**Extracted entries**
====

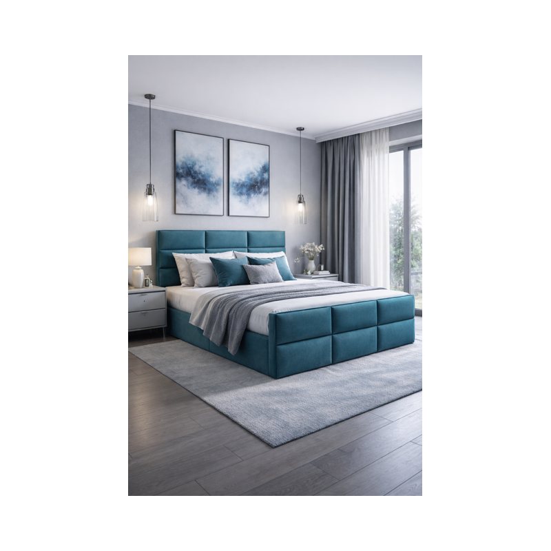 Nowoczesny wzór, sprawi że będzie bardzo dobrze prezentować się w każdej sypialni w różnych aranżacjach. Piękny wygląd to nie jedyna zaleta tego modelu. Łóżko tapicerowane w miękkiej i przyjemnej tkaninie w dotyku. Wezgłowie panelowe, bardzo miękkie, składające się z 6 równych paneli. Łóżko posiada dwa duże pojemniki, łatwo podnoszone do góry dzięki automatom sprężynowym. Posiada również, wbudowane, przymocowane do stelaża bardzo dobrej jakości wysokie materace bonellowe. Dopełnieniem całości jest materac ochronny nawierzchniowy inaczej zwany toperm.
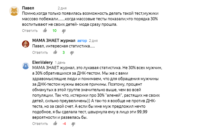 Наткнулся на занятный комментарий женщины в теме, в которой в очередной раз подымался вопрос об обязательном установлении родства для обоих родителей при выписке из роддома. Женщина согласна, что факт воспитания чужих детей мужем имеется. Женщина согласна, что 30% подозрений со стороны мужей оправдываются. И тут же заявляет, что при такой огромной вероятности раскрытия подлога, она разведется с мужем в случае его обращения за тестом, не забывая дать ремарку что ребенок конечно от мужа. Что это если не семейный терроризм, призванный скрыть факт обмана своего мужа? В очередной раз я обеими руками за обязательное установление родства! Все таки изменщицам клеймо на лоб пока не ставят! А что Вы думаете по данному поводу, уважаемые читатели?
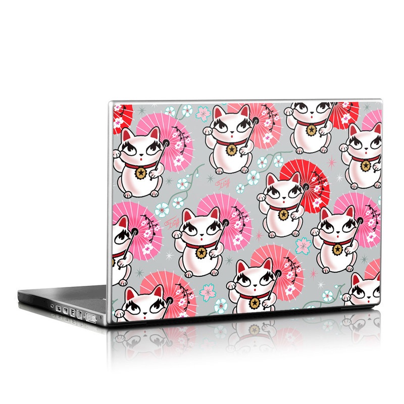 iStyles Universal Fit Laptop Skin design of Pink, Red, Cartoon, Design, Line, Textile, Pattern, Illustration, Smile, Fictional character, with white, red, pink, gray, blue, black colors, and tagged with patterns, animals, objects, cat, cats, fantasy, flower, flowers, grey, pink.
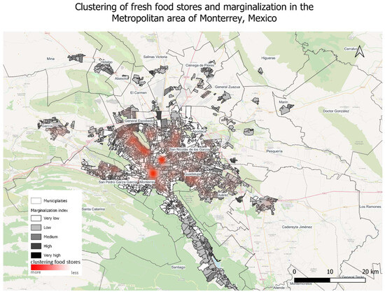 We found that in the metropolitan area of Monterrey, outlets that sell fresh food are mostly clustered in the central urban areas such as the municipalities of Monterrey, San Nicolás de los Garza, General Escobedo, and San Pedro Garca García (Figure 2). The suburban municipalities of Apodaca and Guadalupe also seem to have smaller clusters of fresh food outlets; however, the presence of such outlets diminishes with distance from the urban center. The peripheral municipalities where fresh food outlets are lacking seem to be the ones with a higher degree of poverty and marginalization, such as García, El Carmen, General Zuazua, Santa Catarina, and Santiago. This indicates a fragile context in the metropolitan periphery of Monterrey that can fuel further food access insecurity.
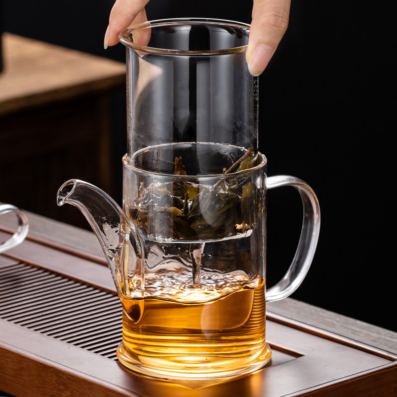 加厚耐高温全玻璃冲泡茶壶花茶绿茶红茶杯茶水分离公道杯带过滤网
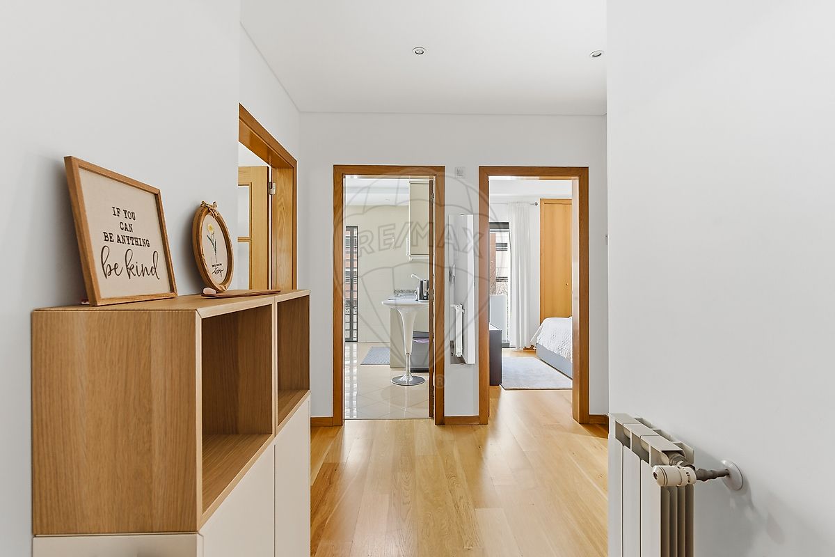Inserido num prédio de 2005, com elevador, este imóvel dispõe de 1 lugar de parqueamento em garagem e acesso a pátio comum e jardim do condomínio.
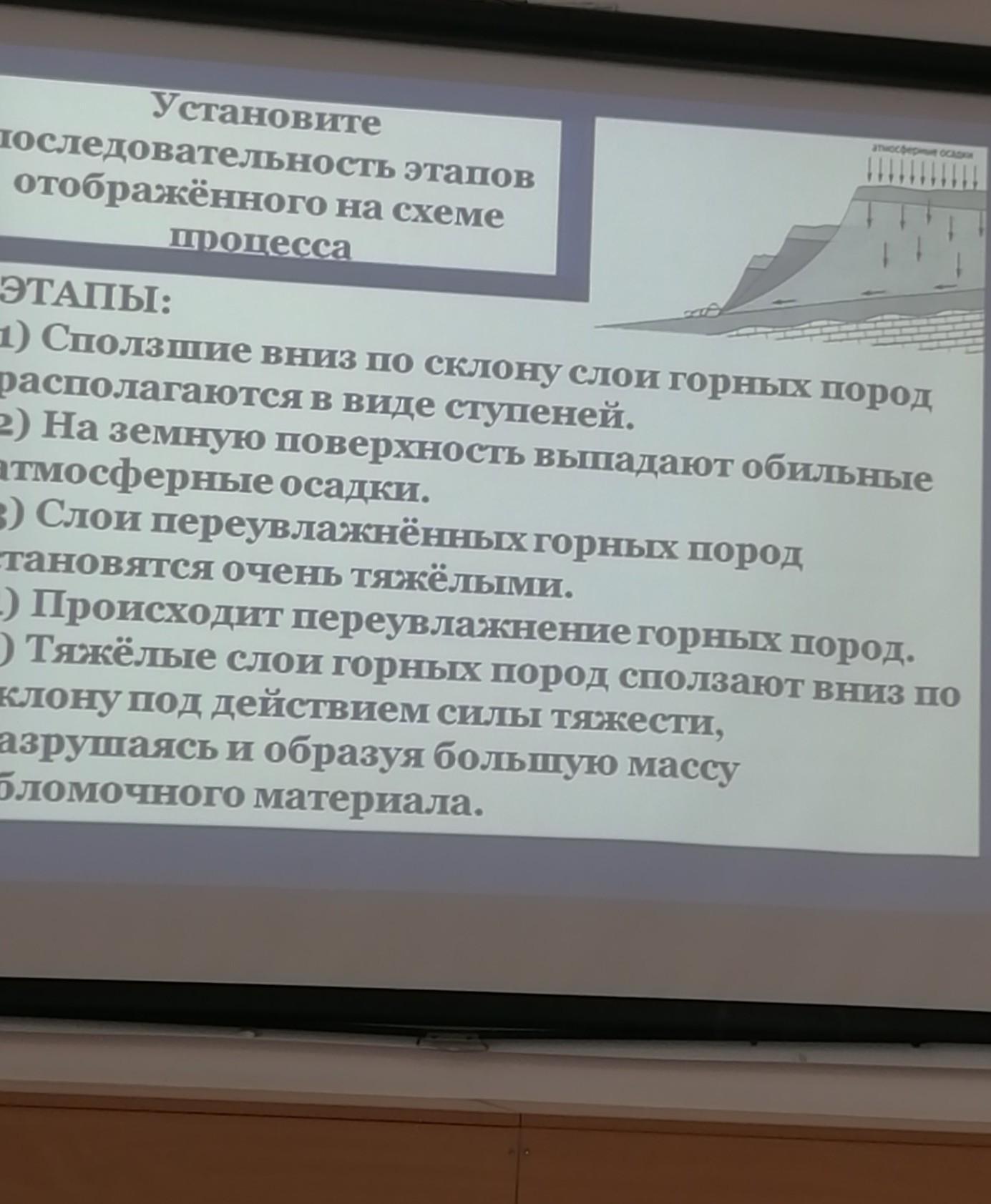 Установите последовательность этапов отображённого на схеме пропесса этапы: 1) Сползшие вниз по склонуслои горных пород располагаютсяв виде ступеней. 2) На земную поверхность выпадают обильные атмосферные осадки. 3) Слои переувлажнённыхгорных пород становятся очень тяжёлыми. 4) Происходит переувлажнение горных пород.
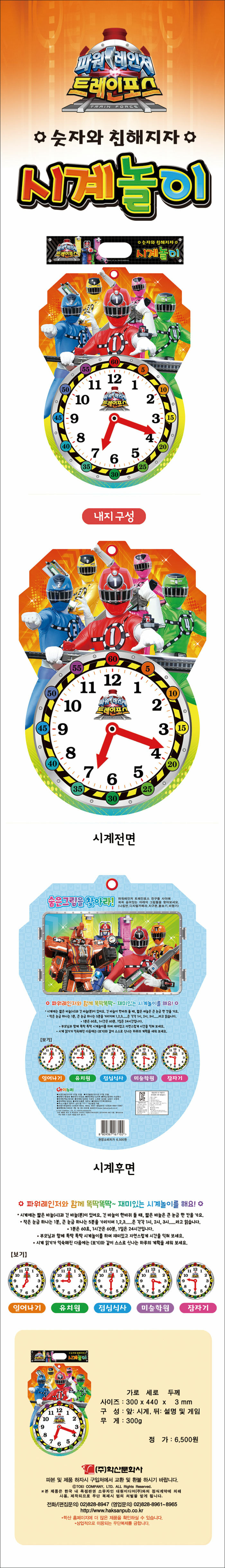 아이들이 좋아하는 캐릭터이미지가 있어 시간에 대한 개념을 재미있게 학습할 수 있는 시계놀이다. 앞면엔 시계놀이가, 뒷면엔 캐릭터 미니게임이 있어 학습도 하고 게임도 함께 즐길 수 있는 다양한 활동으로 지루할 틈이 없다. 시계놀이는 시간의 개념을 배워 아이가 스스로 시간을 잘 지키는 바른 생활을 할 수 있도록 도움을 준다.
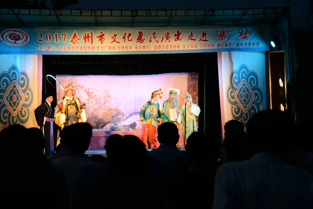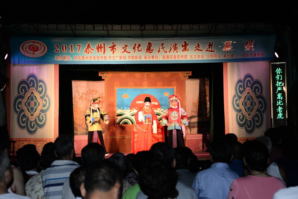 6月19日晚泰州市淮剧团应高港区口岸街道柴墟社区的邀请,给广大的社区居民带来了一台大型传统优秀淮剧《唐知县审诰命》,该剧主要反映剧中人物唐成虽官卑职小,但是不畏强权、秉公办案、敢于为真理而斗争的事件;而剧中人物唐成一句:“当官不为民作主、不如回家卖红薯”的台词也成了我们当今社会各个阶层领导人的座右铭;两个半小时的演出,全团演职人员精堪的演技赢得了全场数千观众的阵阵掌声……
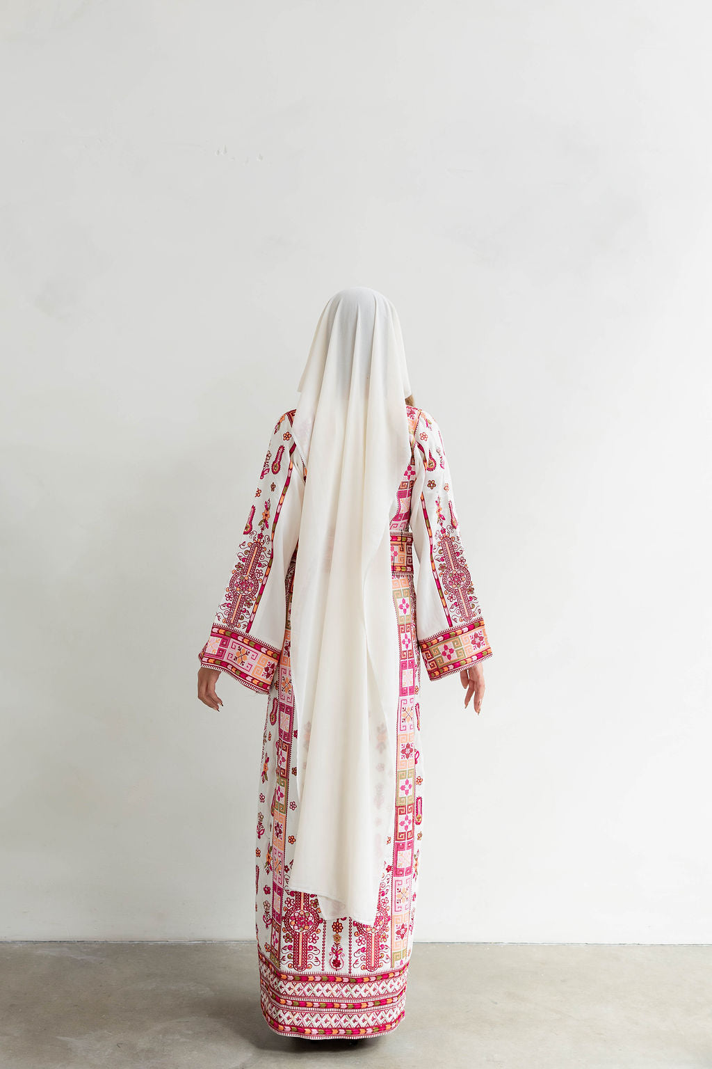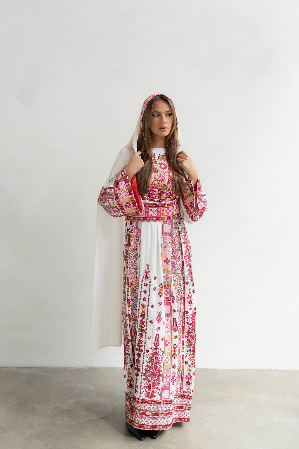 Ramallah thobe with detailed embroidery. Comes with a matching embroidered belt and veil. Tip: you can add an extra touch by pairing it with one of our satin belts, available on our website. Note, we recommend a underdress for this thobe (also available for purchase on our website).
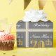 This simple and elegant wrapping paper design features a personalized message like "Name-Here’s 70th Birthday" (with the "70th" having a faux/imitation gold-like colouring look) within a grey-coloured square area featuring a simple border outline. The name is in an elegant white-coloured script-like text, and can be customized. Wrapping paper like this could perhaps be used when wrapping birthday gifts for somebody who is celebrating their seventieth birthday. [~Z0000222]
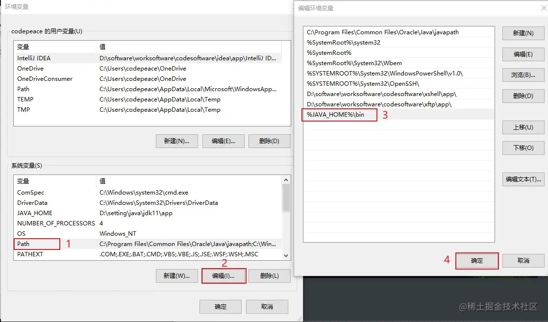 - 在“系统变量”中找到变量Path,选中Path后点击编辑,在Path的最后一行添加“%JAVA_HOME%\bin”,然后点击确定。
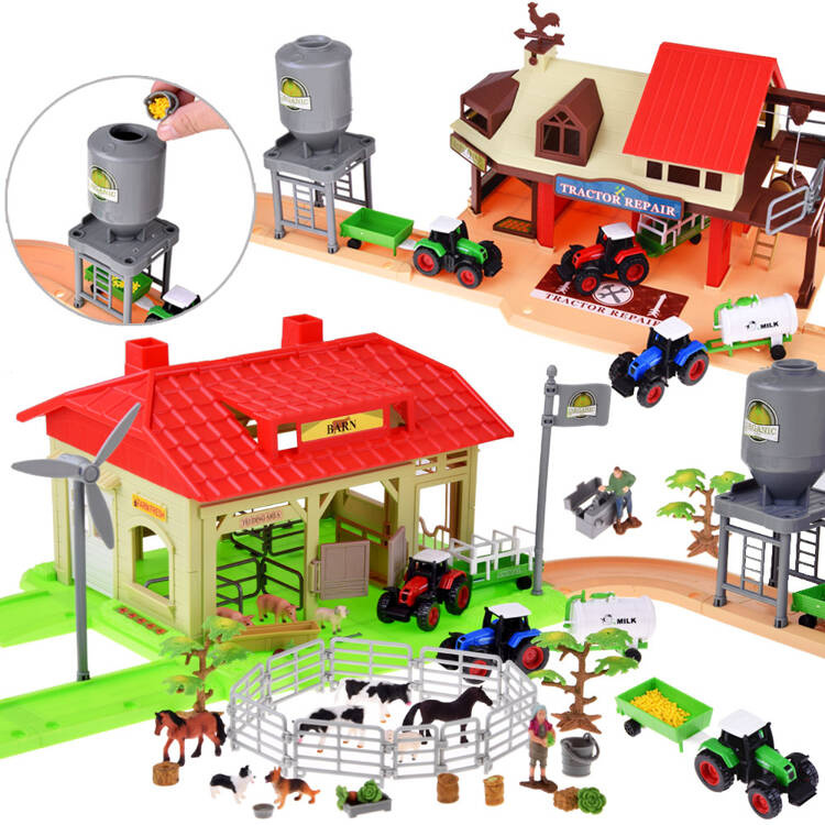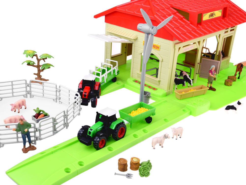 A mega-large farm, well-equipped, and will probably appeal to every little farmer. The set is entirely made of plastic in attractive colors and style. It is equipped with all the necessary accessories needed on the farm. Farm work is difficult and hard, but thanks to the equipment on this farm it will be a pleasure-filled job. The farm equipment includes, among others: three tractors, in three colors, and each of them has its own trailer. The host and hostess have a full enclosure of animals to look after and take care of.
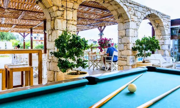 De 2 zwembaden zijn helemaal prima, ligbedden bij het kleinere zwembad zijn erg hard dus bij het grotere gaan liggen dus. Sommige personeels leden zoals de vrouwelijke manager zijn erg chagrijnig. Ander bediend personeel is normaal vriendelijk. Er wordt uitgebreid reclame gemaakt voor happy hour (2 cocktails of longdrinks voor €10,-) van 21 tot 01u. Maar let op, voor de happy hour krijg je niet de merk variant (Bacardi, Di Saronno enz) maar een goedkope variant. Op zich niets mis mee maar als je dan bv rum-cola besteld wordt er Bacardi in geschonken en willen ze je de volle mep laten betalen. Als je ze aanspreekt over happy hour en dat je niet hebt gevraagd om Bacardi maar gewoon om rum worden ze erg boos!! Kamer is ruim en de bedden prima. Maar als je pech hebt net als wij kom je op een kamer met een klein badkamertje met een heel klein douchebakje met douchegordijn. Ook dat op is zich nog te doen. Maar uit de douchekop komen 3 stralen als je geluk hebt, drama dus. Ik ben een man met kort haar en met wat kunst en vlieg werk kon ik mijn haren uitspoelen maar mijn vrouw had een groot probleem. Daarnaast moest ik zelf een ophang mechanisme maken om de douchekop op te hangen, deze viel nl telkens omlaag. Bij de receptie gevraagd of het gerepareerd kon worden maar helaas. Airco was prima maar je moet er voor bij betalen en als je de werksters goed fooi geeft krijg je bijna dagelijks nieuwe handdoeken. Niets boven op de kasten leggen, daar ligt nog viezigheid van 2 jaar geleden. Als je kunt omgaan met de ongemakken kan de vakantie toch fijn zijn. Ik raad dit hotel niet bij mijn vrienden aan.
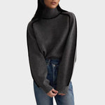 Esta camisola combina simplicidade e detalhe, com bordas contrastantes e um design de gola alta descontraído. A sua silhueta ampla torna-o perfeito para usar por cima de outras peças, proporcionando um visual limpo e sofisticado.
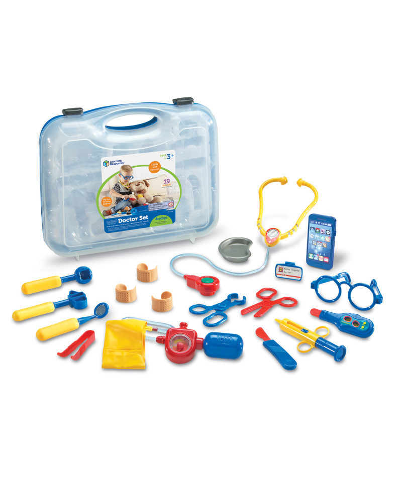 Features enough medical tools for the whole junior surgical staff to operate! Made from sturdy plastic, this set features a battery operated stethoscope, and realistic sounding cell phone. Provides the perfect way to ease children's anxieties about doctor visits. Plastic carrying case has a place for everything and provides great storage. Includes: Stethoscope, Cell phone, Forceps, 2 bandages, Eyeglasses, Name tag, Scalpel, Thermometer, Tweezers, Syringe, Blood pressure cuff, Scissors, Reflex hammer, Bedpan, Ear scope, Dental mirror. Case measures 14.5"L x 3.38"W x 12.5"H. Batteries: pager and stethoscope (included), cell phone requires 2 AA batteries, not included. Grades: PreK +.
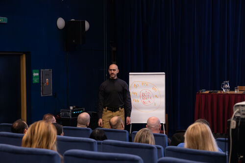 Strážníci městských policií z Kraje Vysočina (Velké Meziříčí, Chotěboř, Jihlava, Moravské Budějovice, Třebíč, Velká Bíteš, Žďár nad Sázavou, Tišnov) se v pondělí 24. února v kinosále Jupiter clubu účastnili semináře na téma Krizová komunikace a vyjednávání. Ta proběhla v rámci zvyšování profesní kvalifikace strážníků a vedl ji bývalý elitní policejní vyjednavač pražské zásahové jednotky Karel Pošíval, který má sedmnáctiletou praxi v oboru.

====

**Requirement**
Repeat, with no pictures, every line from the top of the entries above through the line that has "iStyles Universal Fit", keeping each one exact.

**Task solution**
 Nowoczesny wzór, sprawi że będzie bardzo dobrze prezentować się w każdej sypialni w różnych aranżacjach. Piękny wygląd to nie jedyna zaleta tego modelu. Łóżko tapicerowane w miękkiej i przyjemnej tkaninie w dotyku. Wezgłowie panelowe, bardzo miękkie, składające się z 6 równych paneli. Łóżko posiada dwa duże pojemniki, łatwo podnoszone do góry dzięki automatom sprężynowym. Posiada również, wbudowane, przymocowane do stelaża bardzo dobrej jakości wysokie materace bonellowe. Dopełnieniem całości jest materac ochronny nawierzchniowy inaczej zwany toperm.
 Наткнулся на занятный комментарий женщины в теме, в которой в очередной раз подымался вопрос об обязательном установлении родства для обоих родителей при выписке из роддома. Женщина согласна, что факт воспитания чужих детей мужем имеется. Женщина согласна, что 30% подозрений со стороны мужей оправдываются. И тут же заявляет, что при такой огромной вероятности раскрытия подлога, она разведется с мужем в случае его обращения за тестом, не забывая дать ремарку что ребенок конечно от мужа. Что это если не семейный терроризм, призванный скрыть факт обмана своего мужа? В очередной раз я обеими руками за обязательное установление родства! Все таки изменщицам клеймо на лоб пока не ставят! А что Вы думаете по данному поводу, уважаемые читатели?
 iStyles Universal Fit Laptop Skin design of Pink, Red, Cartoon, Design, Line, Textile, Pattern, Illustration, Smile, Fictional character, with white, red, pink, gray, blue, black colors, and tagged with patterns, animals, objects, cat, cats, fantasy, flower, flowers, grey, pink.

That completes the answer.